#### [Activity]
Please restate the data that follows word for word, with the pictures left out.

#### [Input data]
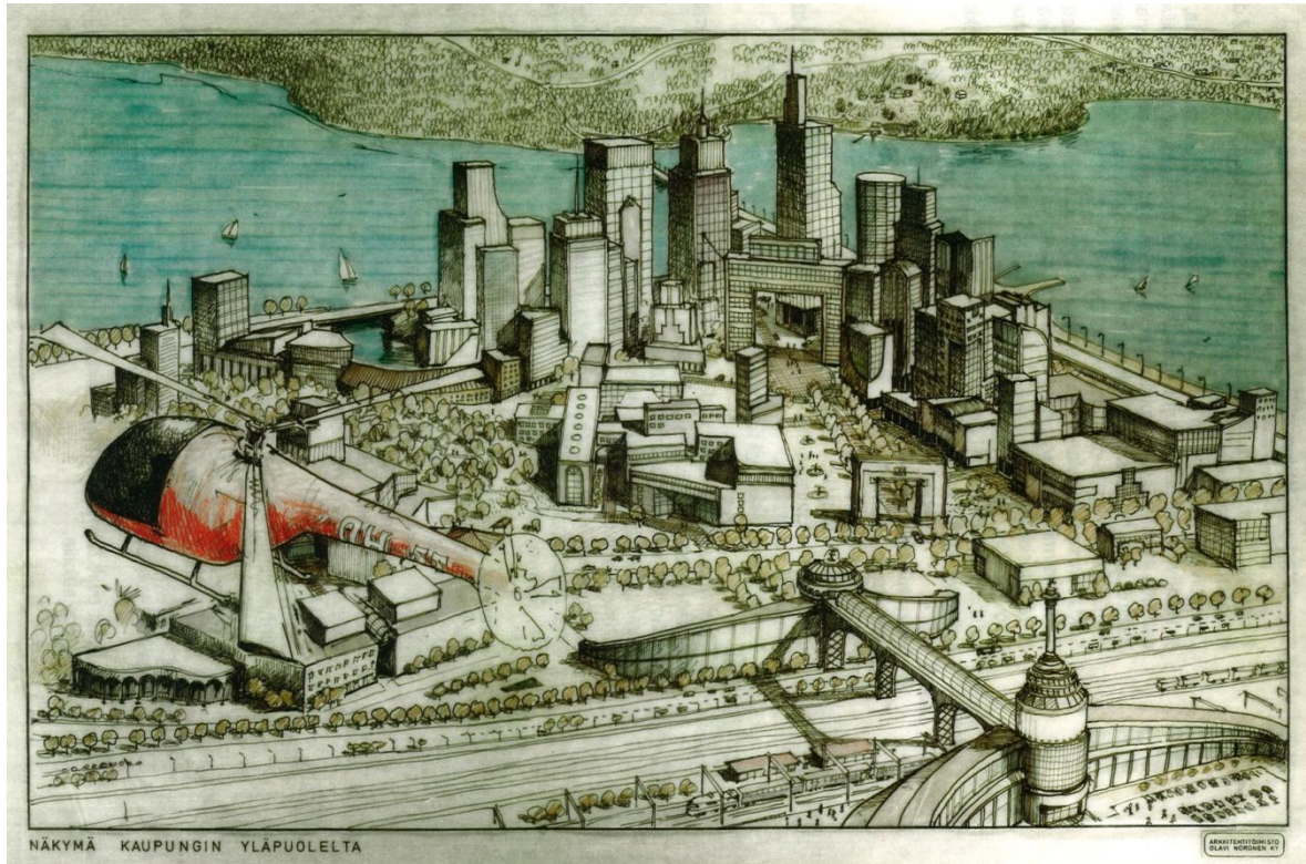
KUVA 3 Havainnekuva tehtaan vuonna 1986 teettämästä ”Manhattan-suunnitelmasta”
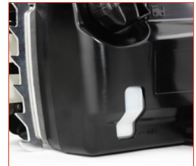
Sichtfenster für Ölstandskontrolle
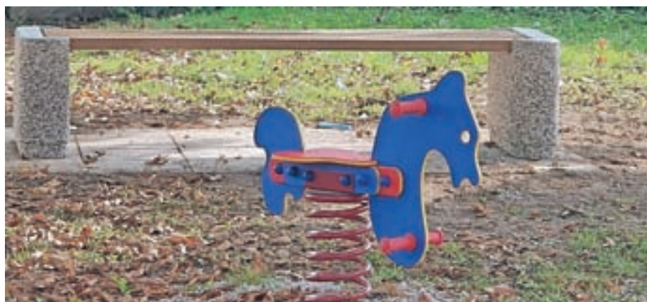
Novo igralo za otroke in klopi za starše

#### [Task solution]
KUVA 3 Havainnekuva tehtaan vuonna 1986 teettämästä ”Manhattan-suunnitelmasta”
Sichtfenster für Ölstandskontrolle
Novo igralo za otroke in klopi za starše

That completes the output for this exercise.